|
Germanic Lexicon Project
Message Board
|
|
|
Author: Keith Briggs
Date: 2004-11-08 05:07:19
Subject: Re: Probabilistic correction
I tried training the system on all corrected (c) and uncorrected (u) BT files.
I'm using dbacl (http://dbacl.sourceforge.net/) as the Bayesian engine.
Then I tried classifying some short lines. Some results look promising, e.g.
c 420.91 u 193.02 tð-hlooen. v. to-hlecan.
c 420.91 u 424.34 tð-hlocen. v. to-hlecan
c 432.46 u 435.39 tó-hlocen. v. to-hlecan
c 454.49 u 556.86 tó-hlocen. v. tó-hlecan
A lower score means a better match. "c 420.91 u 193.02" means roughly:
the probability that the line was generated by the model estimated from the c data is about exp(-421), and the probability that the line was generated by the model estimated from the u data is about exp(-193).

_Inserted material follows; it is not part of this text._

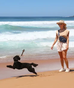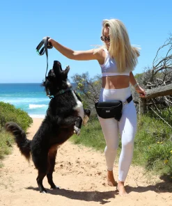 Der Neosport Dog Walking Hüftgurt kann um die Hüfte oder quer über dem Körper getragen werden. Ziehen Sie es an und genießen Sie Ihren Hundespaziergang mit Stil und Komfort.

So we can see that as I correct the errors one by one, dbacl estimates that it is more likely that the line is correct than not correct.
But I believe this is actually deceptive. It starts well, recognizing that "oo" is unlikely to be correct. But after that, I'm just adding the string "acute", which is known by the model to be very frequently occurring, so the score gets better. dbacl's default model rejects punctuation, and all the letter transitions a->c->u->t->e contribute to a good score. We don't want this - we want to treat á as a single character á, and give it the same weight as other single characters. This means first preprocessing the files (not so hard), and then using dbacl's regular expressions to include characters like á in words. I tried this, but the learning phase gets very slow. Also, we're still left with the problem that we're mixing up several languages in the same model, which makes it struggle to fit any one of them well.
How do I proceed?
Keith